В тот день у меня была намечена встреча с заводским изобретателем Юрой Фадькиным, и вот, во время обеденного перерыва, мы сидели в беседке перед мехцехом и «наводили мосты» для первого знакомства. Тезка мой, отлично сложенный, яснолицый, голубоглазый парень, отвечал коротко, четко, предварительно как бы обдумывая каждое слово, а иной раз и усмехаясь про себя — такого скоро не разговоришь. И вдруг, во время нашей напряженной и не очень чтобы клеящейся беседы, к нам подошел, выйдя из цеха несколько наигранно-развинченной походкой, долговязый юнец и присел, точнее — развалился рядом, вытянув длинные ноги и опершись лопатками о край обнесенного скамьями стола.

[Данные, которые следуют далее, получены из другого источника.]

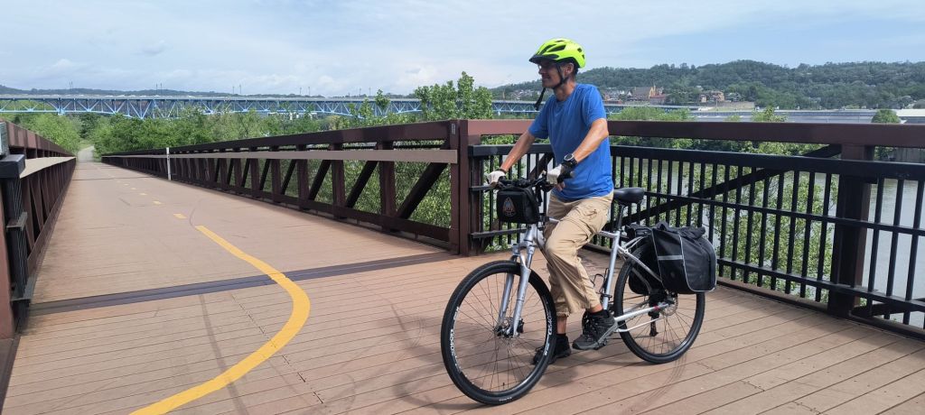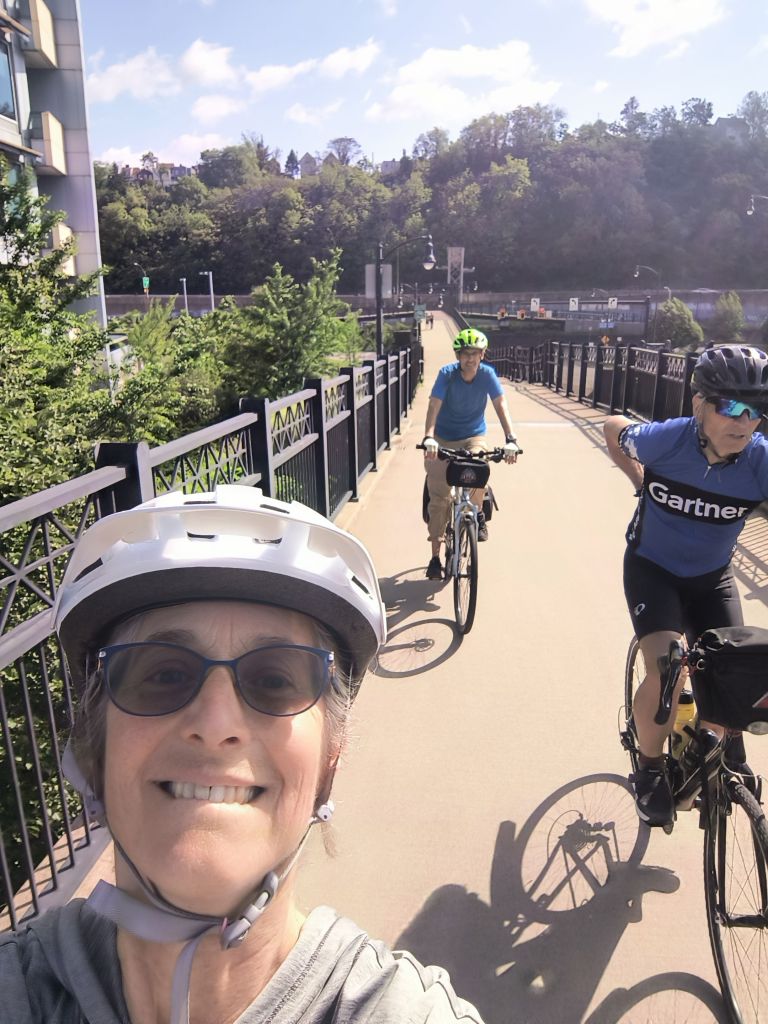 We bike to the start at the Three Rivers Point Park in downtown Pittsburgh on a sunny morning with a good headwind to make it more of a challenge. It is a well used paved trail and we meet several runners, walkers and bikers that have joined us early on this weekend morning. We pass by old steel plants, pump houses, across a couple ‘hot metal’ bridges and soon the city fades away into suburbs into a winding river and forests.

Он послушал-послушал нас, а потом, пыхнув сигаретой, задиристо сказал: — В гробу я видел этот завод! — И загнул.
Я спросил:
— Почему?
— А так! — ответил он зло и беспечно.— Уеду! Надоело все! — И снова загнул. После этого он заговорил о каком-то руднике за Братском, откуда недавно вернулся его знакомый: там и деньги, якобы, лопатой гребут, и условия жизни такие, что долго выдержать невозможно. Я так и не понял, что его привлекает — заработки или вот эти самые невозможные условия, да и разбираться, переключаться на эту тему сейчас мне не хотелось: текучесть на Магнитке большая, уезжают, и бог с ними, меня интересовали не бегуны, а «костяк». Не понравилась мне и бесцеремонность парня, я попросил Фадькина провести меня в цех. Когда мы отошли, Фадькин сказал:
— А вы зря... Вам интересно бы с ним поговорить. Саша Трепачук — очень хороший токарь...— Он что-то еще хотел добавить, но, видимо, более весомых слов не нашел. А тоном это было сказано и серьезным, и укоризненным — я даже почувствовал обиду за товарища, с которым, как оказалось, Фадькин работает в одном цехе.
В тот же день я разыскал Трепачука и пригласил его к себе в гостиницу. Он этого не ждал, смутился — должно быть, за давешний свой тон,— а, главное, удивился. И обещал прийти. Дальше удивляться была моя очередь.